On Thu, 31 Oct 2024 21:21:04 +0000,
Jiaqi Yan <jiaqiyan@xxxxxxxxxx> wrote:
>
> Currently KVM handles SEA in guest by injecting async SError into
> guest directly, bypassing VMM, usually results in guest kernel panic.
>
> One major situation of guest SEA is when vCPU consumes uncorrectable
> memory error on the physical memory. Although SError and guest kernel
> panic effectively stops the propagation of corrupted memory, it is not
> easy for VMM and guest to recover from memory error in a more graceful
> manner.
>
> Alternatively KVM can send a SIGBUS BUS_OBJERR to VMM/vCPU, just like
> how core kernel signals SIGBUS BUS_OBJERR to the poison consuming
> thread.
Can you elaborate on why the delivery of a signal is preferable to
simply exiting back to userspace with a description of the error?

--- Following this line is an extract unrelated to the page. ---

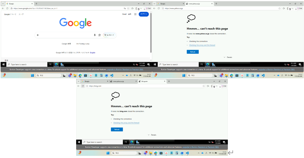 Microsoft Edge を用いて外部サイトへアクセスし、Firewall のアプリケーション規則がどのように反映されるか検証しました。
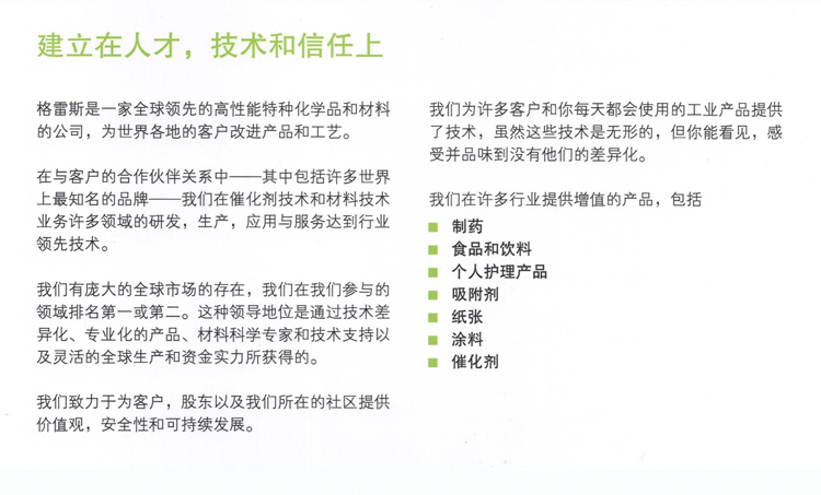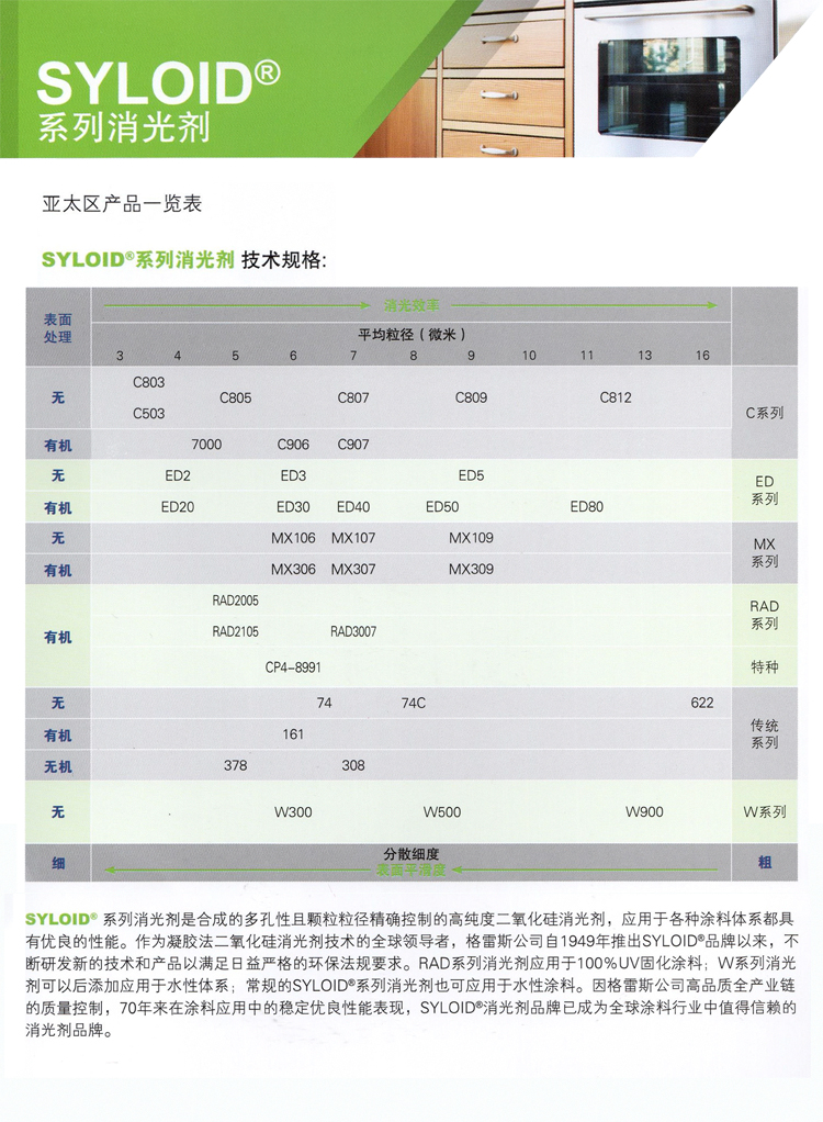 SYLOID系列消光劑是合成的多孔性且顆粒粒徑精確控制的高純度二氧化硅消光劑,應用于各種涂料體系都具有優良的性能。作為凝膠法二氧化硅消光劑技術的全球領導者,格雷斯公司自1949年推出SYLOID品牌以來,不斷研發新的技術和產品以滿足8益嚴格的環保法規要求。RAD系列消光劑應用于100%UV固化涂料: W系列消光劑可以后添加應用于水性體系:常規的SYLOID系列消光劑也可應用于水性涂料。因格雷斯公司高品質全產業鏈的質量控制,70年來在涂料應用中的穩定優良性能表現,SYLOID消光 劑品牌已成為全球涂料行業中值得信賴的消光劑品牌。

Signals are usually not generated by KVM, and are a pretty twisted way
to generate an exit.
> In addition to the benifit that KVM's handling for SEA becomes aligned
> with core kernel behavior
> - The blast radius in VM can be limited to only the consuming thread
> in guest, instead of entire guest kernel, unless the consumption is
> from guest kernel.
> - VMM now has the chance to do its duties to stop the VM from repeatedly
> consuming corrupted data. For example, VMM can unmap the guest page
> from stage-2 table to intercept forseen memory poison consumption,
Not quite. The VMM doesn't manage stage-2. It can remove the page from
the VMA if it has it mapped, but that's it. The kernel deals with S2.
Which brings me to the next subject: when the kernel unmaps the page
at S2, it is likely to use CMOs. Can these CMOs create RAS error
themselves?
> and for every consumption injects SEA to EL1 with synthetic memory
> error CPER.
Why do we need to involve ACPI here? I would expect the production of
an architected error record instead. Or at least be given the option.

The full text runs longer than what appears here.